President Obama is seeking to add wage insurance to unemployment insurance to help certain U.S. workers who have lost their jobs and subsequently forced to take new, lower-paying jobs. A similar federal program already exists, called Trade Adjustment Assistance (TAA). If a group of workers 50 years or older is laid off because of shifts to production outside the U.S. and forced to take a lower-paying job, a petition can be filed on behalf of the group of impacted employees. After the group eligbility is certified, the individual worker can then apply for the TAA benefits. It also is available to workers who are unemployed or threatened to be unemployed.
Here's what CFOs need to know about the President's proposed plan:
What's in the Proposal?
The proposal, made both in President Obama's 2016 State of the Union Address and in his budget for fiscal year 2017, would eliminate the worker age requirement and "job shifted outside the U.S." requirements of the TAA. It would offer workers with at least three years of job tenure who are reemployed in a lower-paying job earning less than $50,000 per year the ability to replace half of their lost pay. The benefit would cover up to $10,000 over two years.
"Say a hardworking American loses his job — we shouldn't just make sure he can get unemployment insurance; we should make sure that program encourages him to retrain for a business that's ready to hire him. If that new job doesn't pay as much, there should be a system of wage insurance in place so that he can still pay his bills," President Obama explained in his 2016 State of the Union Address.
According to a White House fact sheet released after the President's speech, experienced workers who lose their jobs face a 10 percent average reduction in wages in their next jobs, while workers with over 20 years of experience see a 25 percent average salary reduction for their next job. Replacing those lost wages, at least in part, is key to maintaining family purchasing power, a major component for driving market demand in the nation's economy, according to the White House.

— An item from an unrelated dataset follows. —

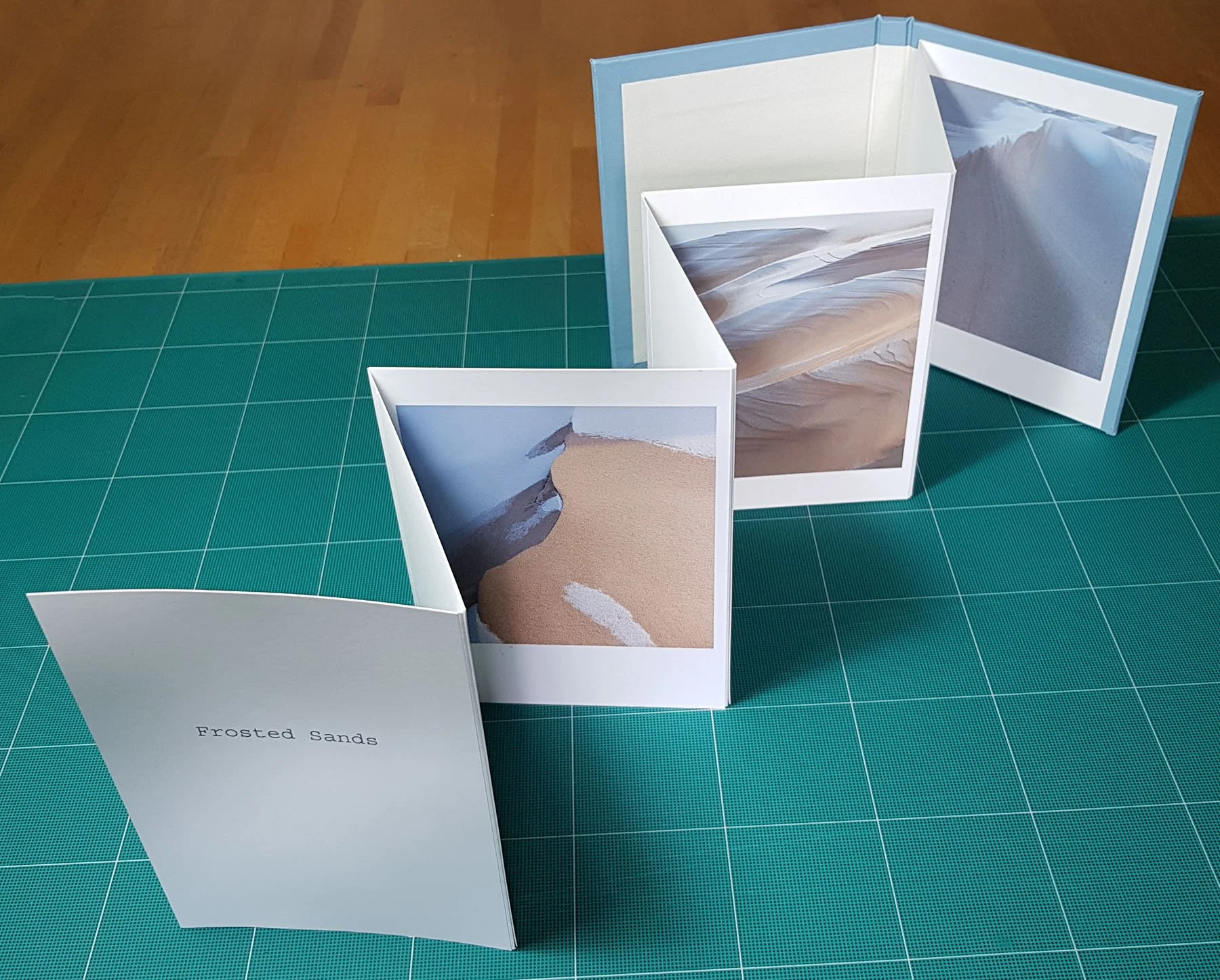 Details: Hard backed concertina book with 7 images; h 110mm x w 180mm extending to 500mm; front and back covered with Japanese Chiyogami paper; interior printed on Bockingford watercolour paper 190gsm using dye-based ChromaLife100 inks; individual prints connected with handmade hinges to form concertina.

Implementation of the Proposal
Similar to the state-federal partnership in implementing unemployment insurance (UI), the White House plan would require states to provide insurance for wages to workers laid off from jobs they held for at least three years. As the White House fact sheet explains, insurance for wages would be "a Federally-funded program administered directly through state unemployment insurance programs. This proposal would be fully paid-for as part of the President's broader unemployment insurance package..."
So if the proposal passes, employers can likely expect to pay a higher rate of Federal Unemployment Tax (FUTA) to cover the cost of the program, though the exact details of how much it will cost employers have yet to be worked out, according to the National Academy of Social Insurance.
It's an election year, and it looks like the President and the Republican-controlled Congress will be at loggerheads again over budgetary (and other) issues, especially those involving increased payroll taxes. An analysis of the President's 2017 budget by the Congressional Budget Office (CBO) claims that it "raise(s) marginal tax rates on labor income, on average, thereby discouraging work." In addition to raising taxes and discouraging work, the CBO describes the 2017 budget as bad news for the federal deficit: "Deficits under the President's proposals would rise from 2.3 percent of gross domestic product (GDP) in 2017 to 3.4 percent in 2026, CBO estimates." So you can expect some pushback from Congress and haggling in committees over specific budget items such as the proposed plan.
Some critics contend that the measure will merely increase the number of, and competition for, low-wage jobs that underutilize a worker's package of skills. The insurance might thus be an incentive for skilled workers to "downshift," which would harm overall U.S. productivity. As an Atlantic article explains, "economists have concerns that wage insurance ... could have the outcome of generating more of the undesirable insured event, in this case low-wage jobs."
CFOs will have to monitor the progress of the wage insurance proposal closely because it will have a clear impact on labor costs and compliance efforts should it pass.